What to do ▸ Write out the lines of the material below exactly, beginning at the line with "Pleki taga on" and stopping after the line with "becomes applicable. |", and leave out the pictures.
Records provided START
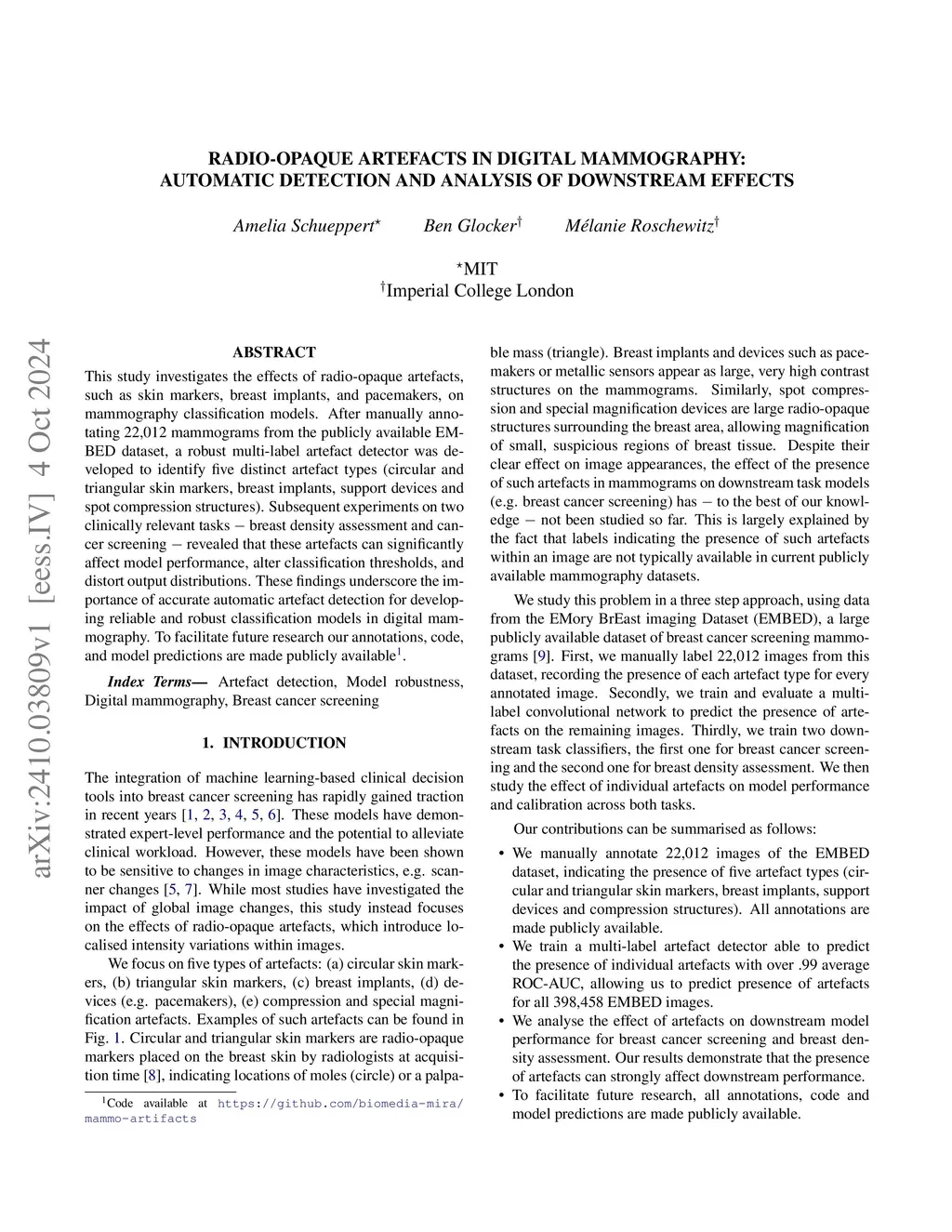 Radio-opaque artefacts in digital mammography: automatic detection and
Records provided END
Records provided START
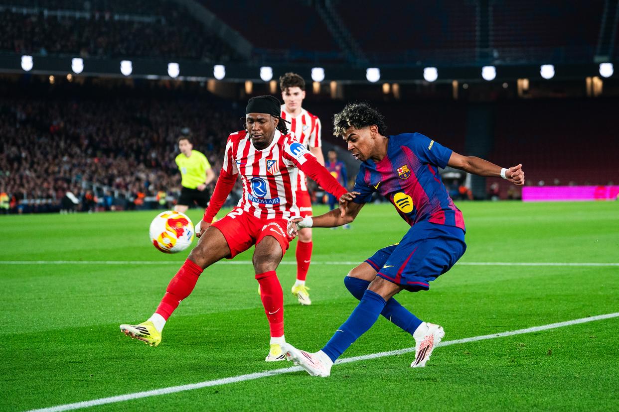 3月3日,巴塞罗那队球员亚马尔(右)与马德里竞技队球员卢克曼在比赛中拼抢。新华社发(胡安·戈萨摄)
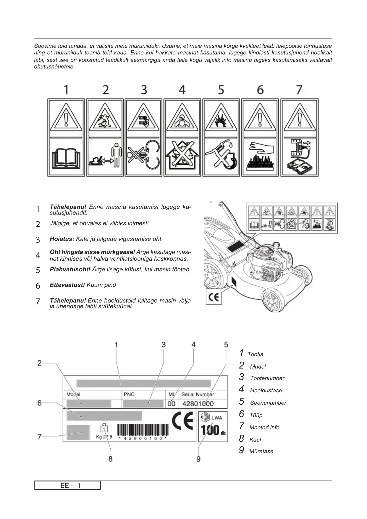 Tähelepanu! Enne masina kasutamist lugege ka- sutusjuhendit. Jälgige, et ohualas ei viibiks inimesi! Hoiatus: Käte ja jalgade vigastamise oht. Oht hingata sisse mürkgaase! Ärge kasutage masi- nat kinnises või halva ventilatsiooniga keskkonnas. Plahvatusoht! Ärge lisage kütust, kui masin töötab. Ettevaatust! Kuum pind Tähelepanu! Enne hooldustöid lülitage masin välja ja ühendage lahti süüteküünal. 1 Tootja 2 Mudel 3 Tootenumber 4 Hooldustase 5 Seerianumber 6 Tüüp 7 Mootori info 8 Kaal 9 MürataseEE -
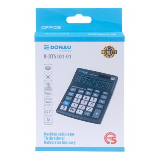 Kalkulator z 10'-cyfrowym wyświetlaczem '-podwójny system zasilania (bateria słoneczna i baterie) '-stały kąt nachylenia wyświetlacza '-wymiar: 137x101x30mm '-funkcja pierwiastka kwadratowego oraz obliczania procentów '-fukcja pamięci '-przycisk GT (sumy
Records provided END
Records provided START
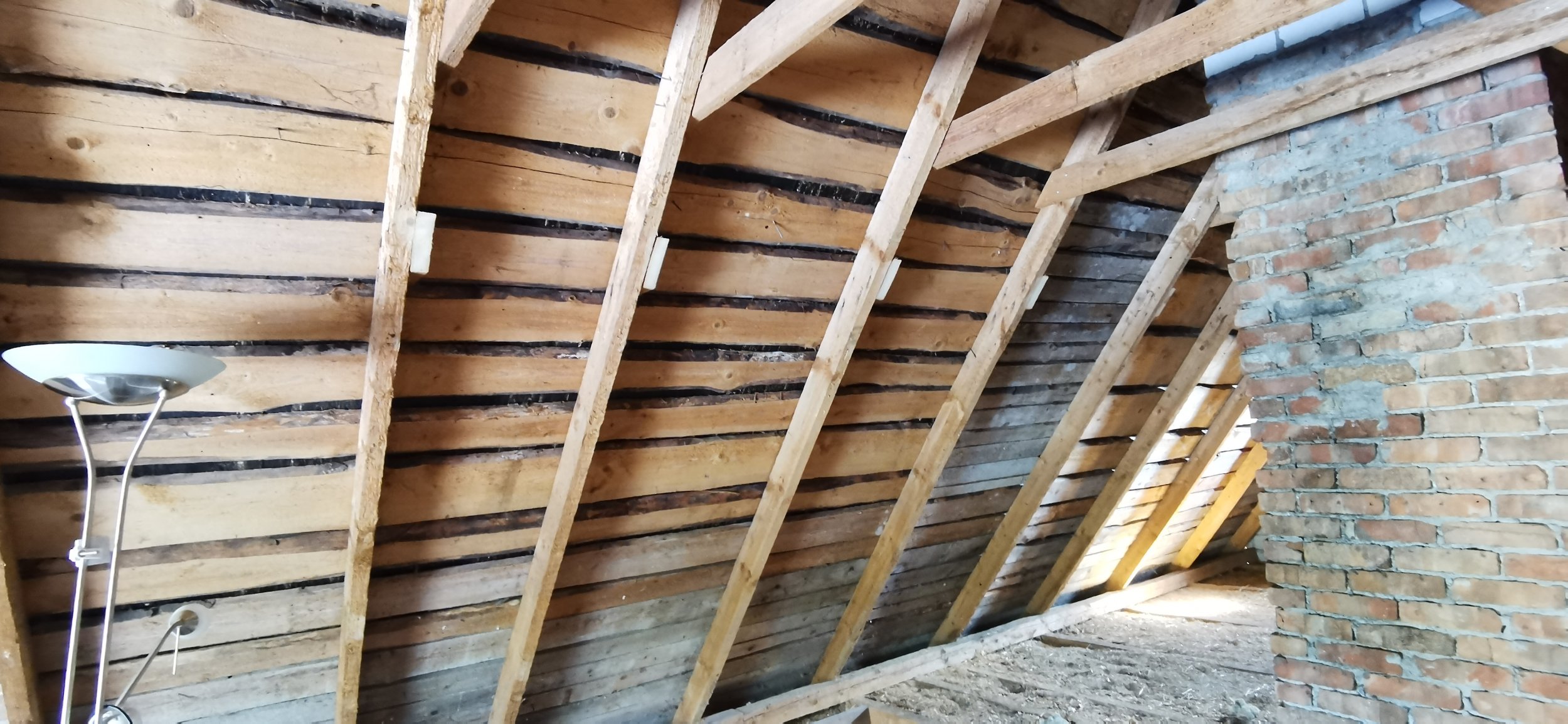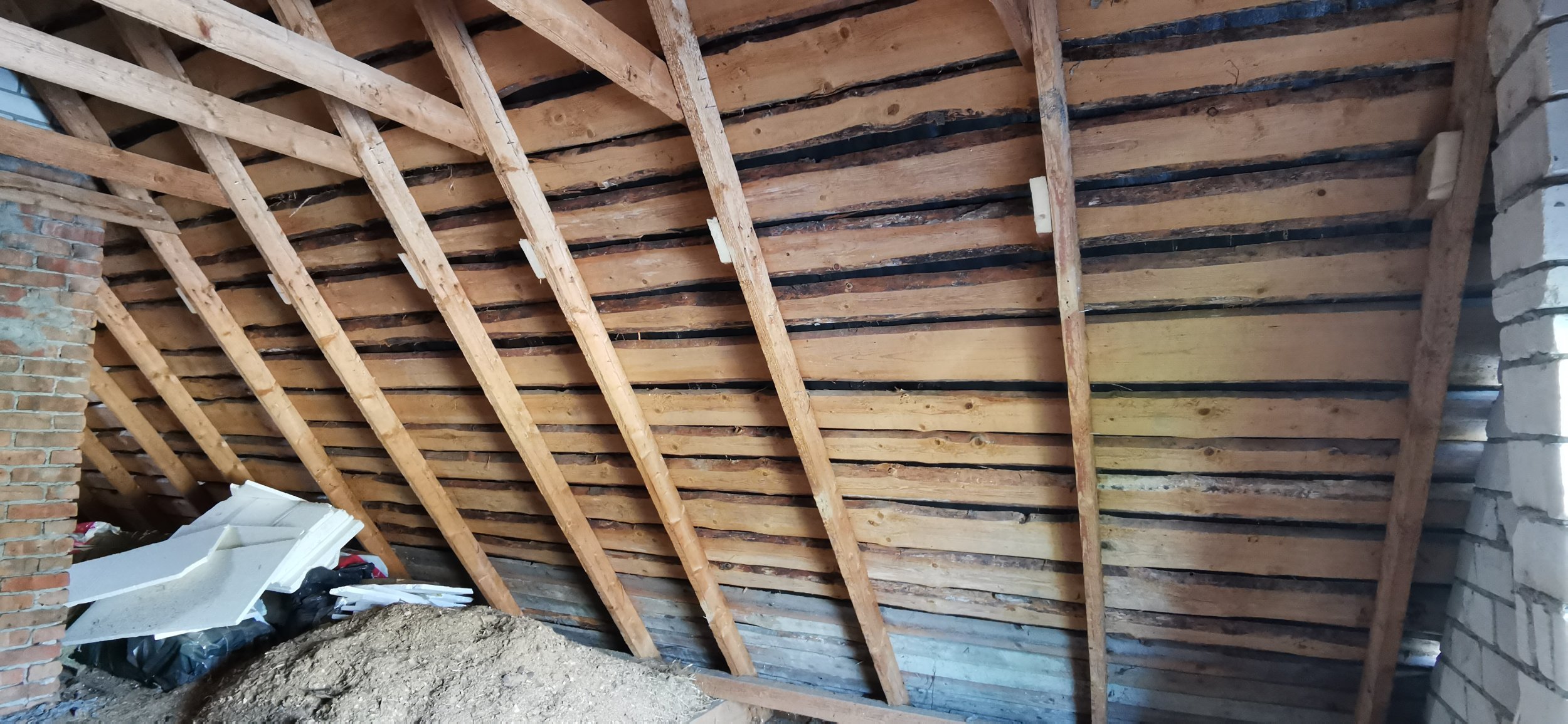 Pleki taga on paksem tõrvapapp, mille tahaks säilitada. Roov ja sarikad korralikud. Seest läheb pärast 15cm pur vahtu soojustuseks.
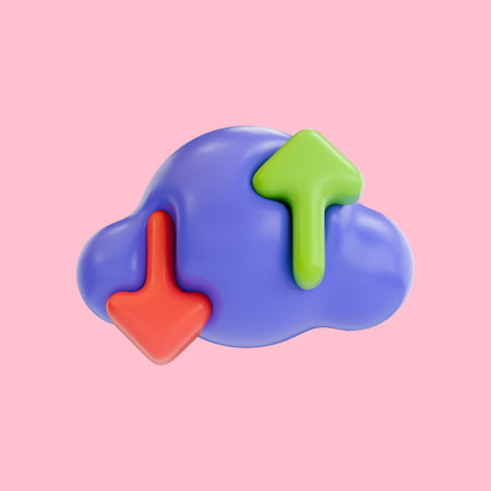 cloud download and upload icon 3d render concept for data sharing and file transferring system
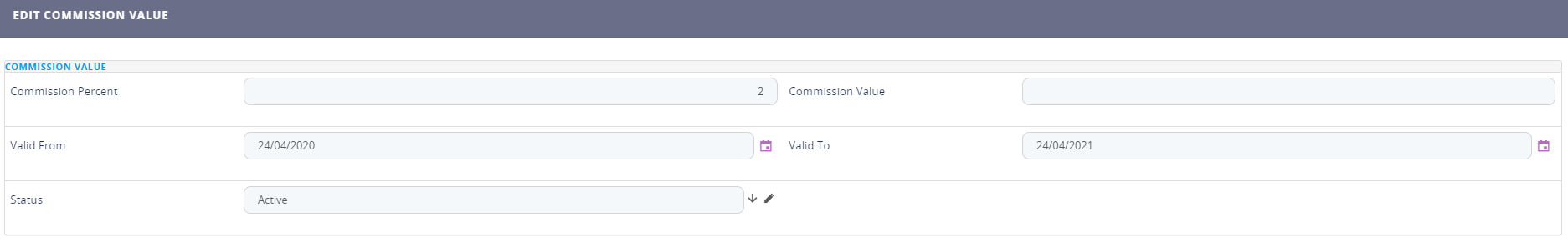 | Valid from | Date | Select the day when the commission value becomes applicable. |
Records provided END
Written reply ▸
 Pleki taga on paksem tõrvapapp, mille tahaks säilitada. Roov ja sarikad korralikud. Seest läheb pärast 15cm pur vahtu soojustuseks.
 cloud download and upload icon 3d render concept for data sharing and file transferring system
 | Valid from | Date | Select the day when the commission value becomes applicable. |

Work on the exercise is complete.